Ockwell-Smith agrees that it is “incredibly important for the parents to be kind to themselves.” She argues that parents who resort to harsh discipline or are out of control are unconsciously mimicking the way they themselves were parented, and are usually the ones most in need of empathy, understanding and support. “When I work with parents, I always start with helping them to learn about themselves, why they do the things they do and how they can make small positive changes to help not only their children but themselves too. I would never dream of telling them off.”

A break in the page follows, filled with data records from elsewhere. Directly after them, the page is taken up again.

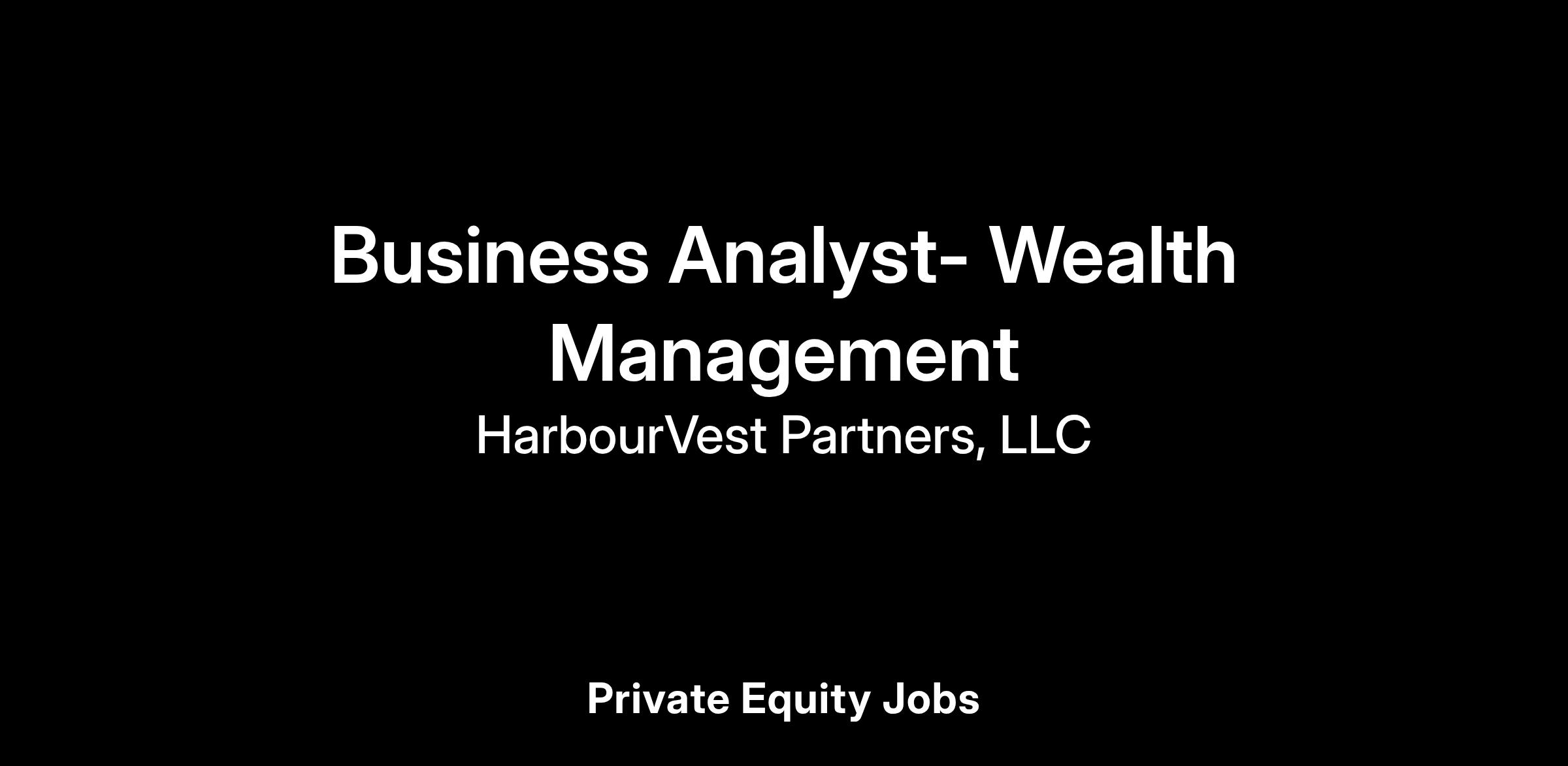 This Business Analyst role will play a key role on the Wealth Management team within the IT organization. This is an exciting opportunity for an individual to join a newly formed team in a dynamic and fast-growing area of HarbourVest looking to implement new and innovative solutions to serve our wealth client needs.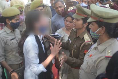युवती को समझाती पुलिस।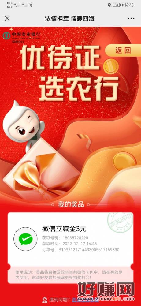 微信打开农行答题抽奖微信立减金

And yet, amid all the tantrums and timeouts, behaviour management and berating, there are moments of surprising softness when you watch Frost in action, 20 years after she first exploded onto our screens. Because one thing she does emphasise is the importance of quality time, of complimenting and being kind to children, of nourishing loving family ties.
“All they want to do is be loved by you. All they want to do is spend time with you,” she says gently in one episode, to a mother who has been focusing solely on crowd control rather than enjoying her daughters’ company. Parenting techniques will come and go – and undoubtedly some of Supernanny’s methods have fallen out of favour in the past two decades – but actually loving your kids never goes out of style.